Friday Fives

1. What stops being cute after the age of 13?
Bed Wetting

2. What is something you hilariously misinterpreted as a kid?
I used to think that Holland and the Netherlands were different places. Hell is worse than that – I didn’t realize this misinterpretation until I was in my mid-30s.

3. If someone leaves an abandoned baby on your front porch what will you do?
Call the cops and Child Welfare Services – I am not a father figure – jeesh that would be a disaster.

4. What two types of people are there?
Those who have seen Springsteen live and those who have not. Those who have, understand. The Boss abides.

5. What is a skill that almost everyone in our grandparent’s generation had, that almost none of us have today?
Give back change in that cool count back out way – and do basic maths in their heads.

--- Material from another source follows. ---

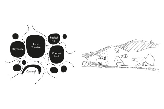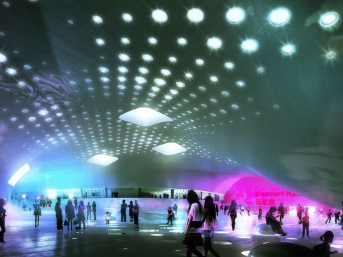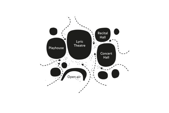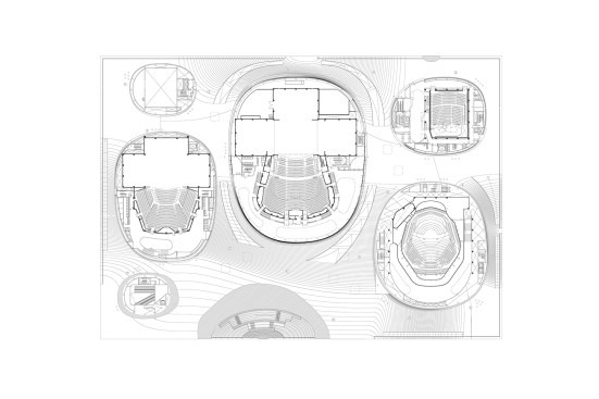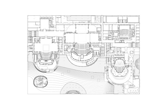 Different theatres such as the 2000-seat concert hall and 2250-seat opera hall are located in the five cores or ‘legs’ of the building where the structure meets the ground. The cores connect with one another via foyers in the roof and an underground service floor which houses the backstage area of each theatre.
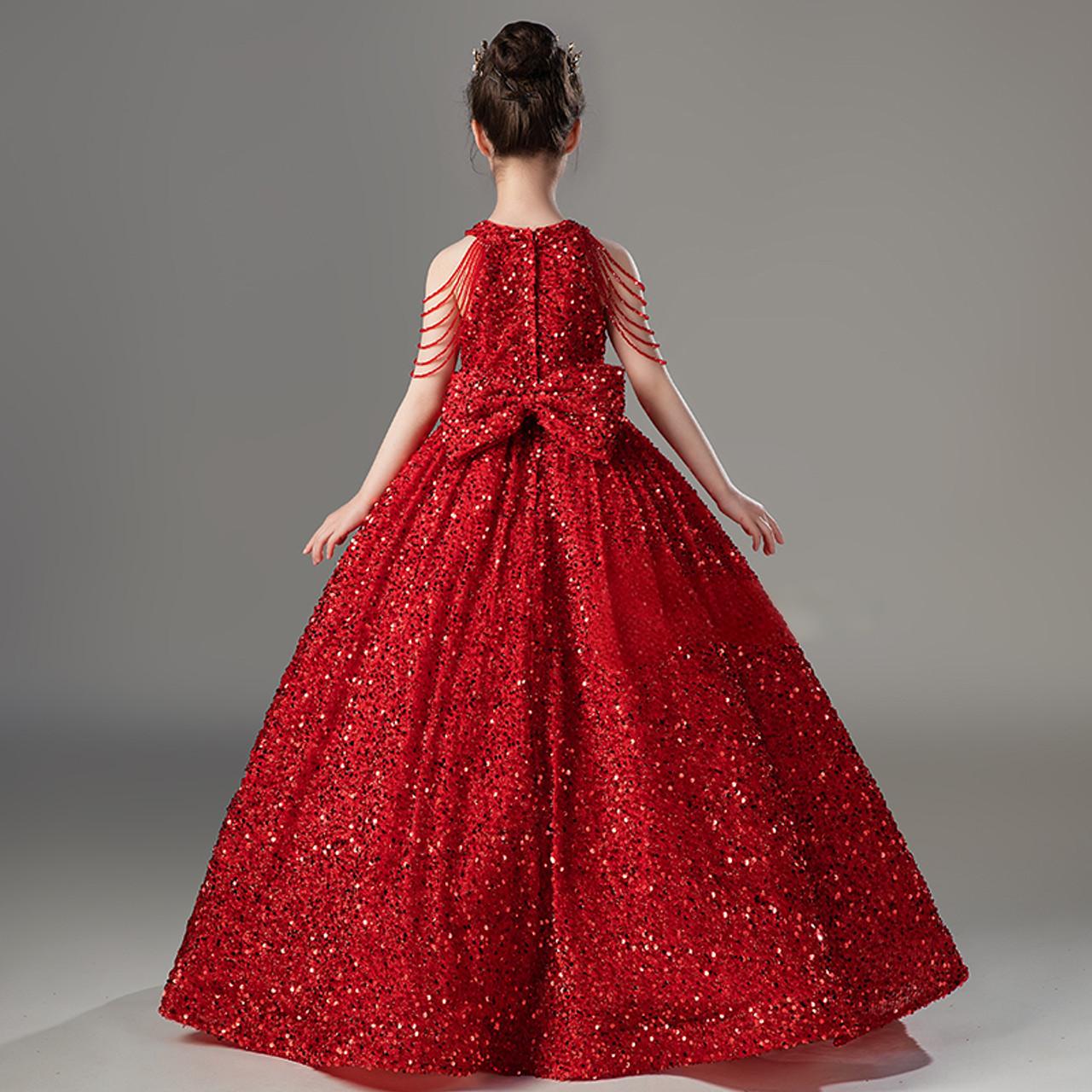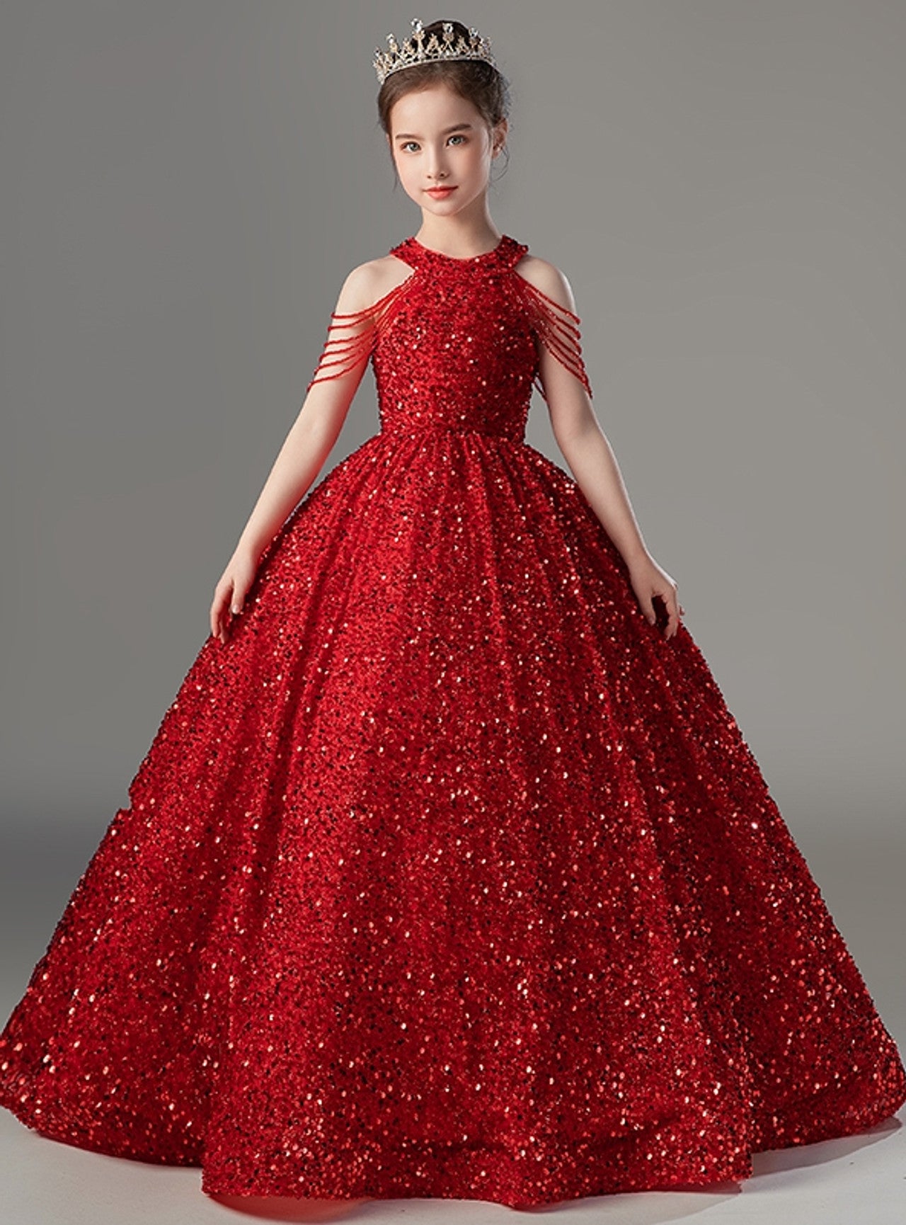 A-Line Black Sequin Flower Girl Dress Halter Beading

2 Replies to “Friday Fives”

  1. 1. Throwing tantrums at the grocery store.

    2. In “America the Beautiful,” I mistook the lyrics “Thine alabaster cities gleam,” as thine old bastard cities gleam. It wasn’t till I was in the fifth grade that I learned what alabaster is.

    3. Clarifying question: Is this a random baby, or the group baby? If it’s a random baby, then call 911 and get help. If it’s the group baby, I’ll look at the schedule and try to figure out who’s turn it is to watch the baby.

    4. People who behave in their own self interests, and people who behave against their own self interests.

    5. Writing legibly in cursive.

  2. 1) Yelling for someone in a public place.

    2) I used to think all tv shows were live. It didn’t last real long having an older brother.

    3) 911 for the hand off. I’m not a baby storage facility and there is no sign out front that says otherwise.

    4) People who like bacon and people who are wrong.

    5) How to read an actual paper map.